Clinicians reported a sense of comfort or reassurance that GCP principles helped guide their research conduct: “I think it's reassuring to know that these structures are in place… that we as researchers should be adhering to these principles” (P02), as well as a sense of responsibility: “I certainly feel a sense of responsibility and a sense of duty to ensure that I'm conducting research in a way that's ethical and safe (P02).
Beliefs about Capabilities
While most clinicians felt confident about implementing GCP principles, with one commenting “I don't think there's anything that's too difficult to adhere to” (P07), several clinicians identified certain aspects of implementing GCP where they perceived they needed more development: “My protocol writing skills could be developed.
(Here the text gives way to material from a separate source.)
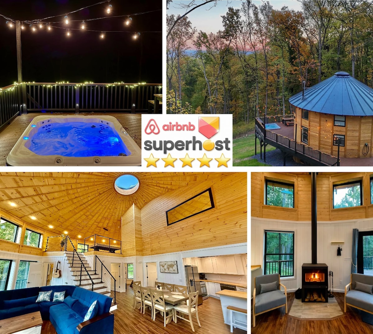 Escápate a la yurta de Front Royal, en Virginia, cerca del Parque Nacional Shenandoah. ¡Un nuevo refugio de lujo en el corazón de las impresionantes montañas Blue Ridge, ubicado a 1300 pies! La excepcional yurta Front Royal combina la elegancia moderna del glamping con comodidades de primer nivel, ofreciendo una escapada inolvidable. Disfruta de una yurta moderna de última generación, completa con bañera de hidromasaje hundida, terraza de 360° con impresionantes vistas, fogata, estación de carga de vehículos eléctricos, estufa de leña, TV HD de 77", PS5, mesa de billar, libros, juegos de mesa y más.

Honestly, I could refine all of my research skills and there's probably not an area that doesn't need development if I'm 100 per cent honest” (P02). Training was seen to help confidence: “I just found it personally really valuable to attend the training and I’d say that helped increase my confidence in my research” (P08).
Social Professional Role and Identity
Other enablers to implementing GCP included it being part of clinicians’ responsibility as a Principal Investigator: “As an investigator I think everybody has a responsibility to adhere to…good clinical practice” (P06), and that it aligned with their values to do the right thing: “I like to have good principles in my everyday life, I don't like to…be unethical about things, so I'm not usually cutting corners (P07).
Support Needs
Seven categories emerged from the interviews regarding future suggestions of support needs to implement GCP. These are outlined in Table 2, with some of the key actions arising from these categories summarised in Figure 2.